Cabinet Minister, Government of Telangana
- In office 13 December 2018 – 4 December 2023
- Governor: E. S. L. Narasimhan Tamilisai Soundararajan
- Chief Minister: K. Chandrashekar Rao
- Department and ministry: Home.; Prisons.; Fire Services;
- Preceded by: Nayani Narasimha Reddy
- Succeeded by: Anumula Revanth Reddy

Deputy Chief Minister of Telangana
- In office 2 June 2014 – 6 September 2018 Serving with T. Rajaiah Kadiyam Srihari
- Governor: E. S. L. Narasimhan
- Chief Minister: K. Chandrashekar Rao
- Preceded by: Position Established

Member of the Telangana Legislative Council
- Incumbent
- Assumed office 2010
- Constituency: Telangana

Personal details
- Born: 3 March 1952 (age 74) Hyderabad, Hyderabad State, India
- Party: Bharat Rashtra Samithi
- Spouse: Nasreen Fathima
- Children: One Son (Md Azam Ali) and Two Daughters
- Education: Osmania University

= Mahmood Ali (Indian politician) =

Indian politician

Mohammed Mahmood Ali (born 2 March 1952) is an Indian politician who was the Deputy Chief Minister of Telangana from 2014 until 2018. The departments of the State Home Ministry, Prisons and Fire Services were allocated to him during the 2nd K. Chandrasekhar Rao ministry, and he held them from 2018-2023. He is a member of Telangana Legislative Council.

==Early life==
Ali was born in Hyderabad and lives in Azampura. He received his Bachelor's degree in Commerce from Osmania University. He later ventured in dairy farming business, in which he earned a lot of money.

==Political career==
Ali was elected as a Member of Legislative Council of United Andhra Pradesh in 2010. He got into the Telangana movement in 2001 when K. Chandrashekar Rao launched the Telangana Rashtra Samithi now called the Bharat Rashtra Samithi (BRS), and is considered one of the founding members of the party. After the creation of Telangana, he became a representative of the Telangana Legislative Council. He is the president of the BRS party's minority cell.

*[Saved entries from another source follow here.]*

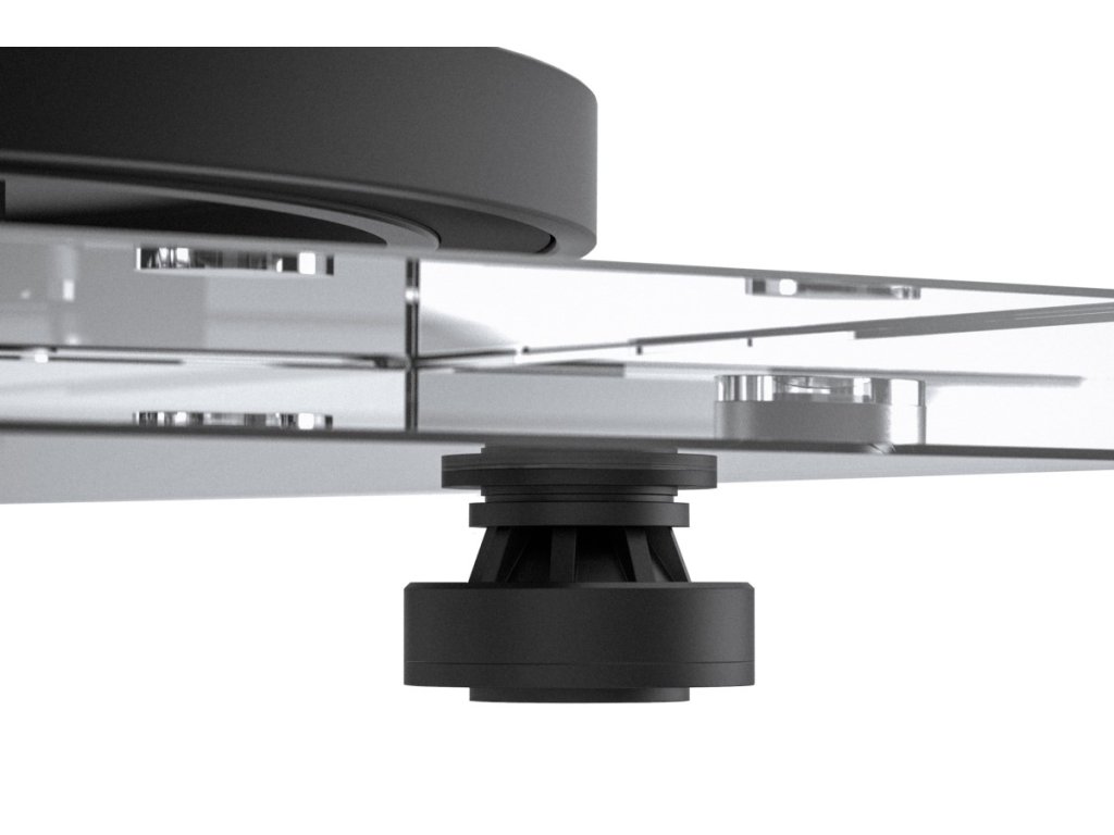 Gramofon XA B je usazen na třech výškově nastavitelných vytlumených nožkách, které zaručují optimální stabilitu. Nožky omezují velmi dobře přenos vibrací z okolí na šasi gramofonu a zároveň umožňují i vyrovnání gramofonu na nerovném povrchu, protože dokonale rovný gramofon je nezbytný pro skutečně špičkový zvuk.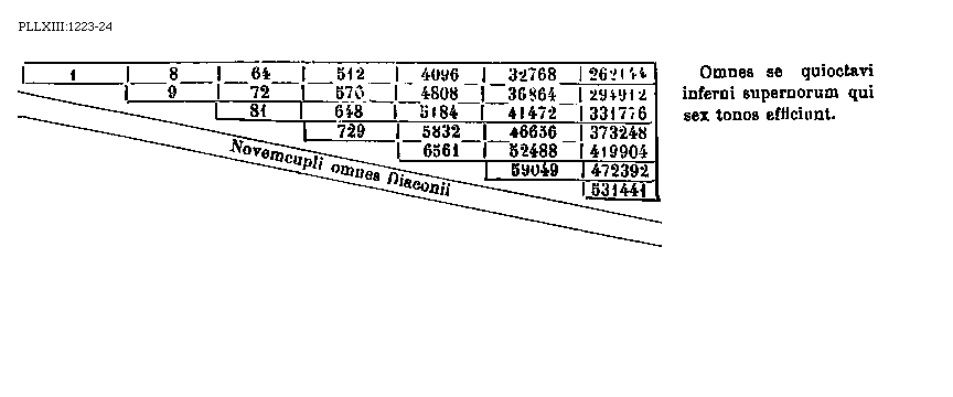 [1223-24] [PLLXIII:1223-24; text: 1, 8, 64, 512, 4096, 32768, 262144, 9, 72, 576, 4808, 36864, 294912, 81, 648, 5184, 41472, 331776, 729, 5832, 46656, 373248, 6561, 52488, 419904, 59049, 472392, 531441, Omnes se quioctavi inferni supernorum qui sex tonos efficiunt. Novemcupli omnes Diaconii] [BOEDIM2 09GF]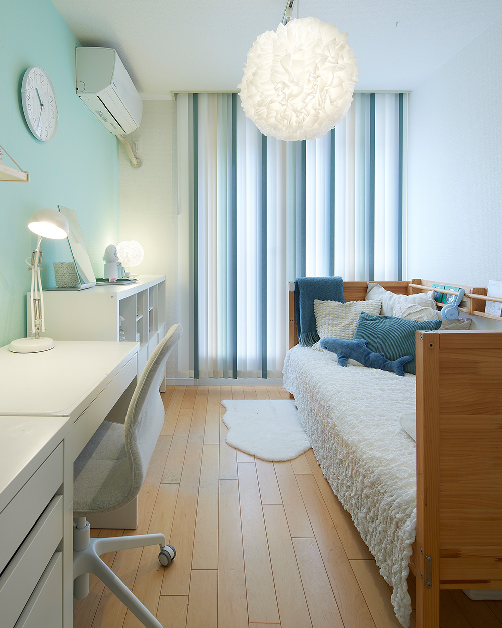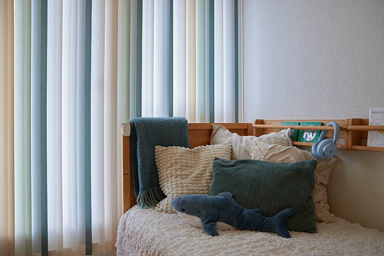 三姉妹の部屋は、それぞれ好きな色を壁紙に使っているO邸。長女の部屋は、壁の色に合わせてグリーンとホワイトの濃淡を組み合わせたバーチカルブラインド「アルペジオ」ミックスルーバーを設置しました。不透明生地は「エルデ」、レース生地は「ミラーレース遮熱」。単色とは違った上品で奥行きのある窓まわりが完成しました。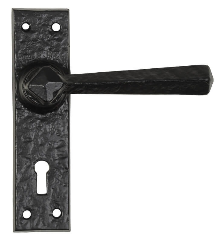 Pair of plain design Antique Black Iron Lever Lock Door Handles. Euro and Oval versions are also available please contact us for more information.
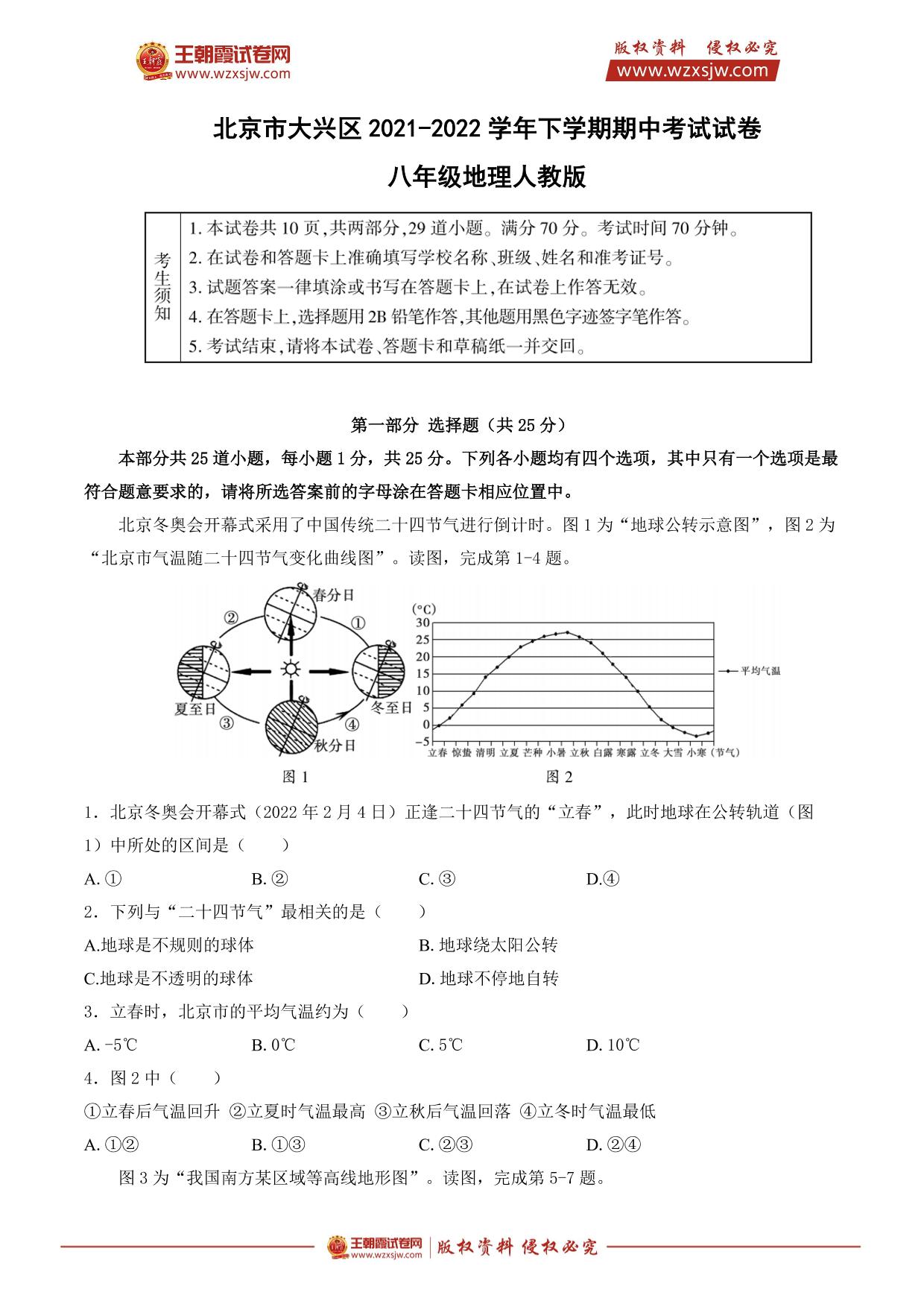 北京市大兴区2021-2022学年下学期期中考试试卷八年级地理(人教版)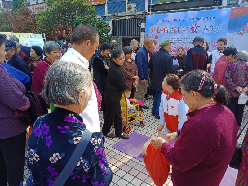 5月10日上午,开江县红十字会会同县卫生健康局、县红十字志愿服务队在县城清河广场举行2019年“5.8”世界红十字日集中宣传活动。县红十字会会长杨爱轩出席活动并讲话,副会长崔永江陪同。

He is a close aide to Chandrashekar Rao, and has been with him since the start of the Telangana agitation movement.

After the formation of Telangana and the subsequent elections, he was handed the departments of Revenue, Stamps and Registrations, Relief and Rehabilitation, Urban Land Ceiling. He managed the same from 2014–2018.

He was the second Home Minister of Telangana in the second K. Chandrashekar Rao ministry, replacing Nayani Narasimha Reddy. He also managed the departments of Prisons and Fire Services.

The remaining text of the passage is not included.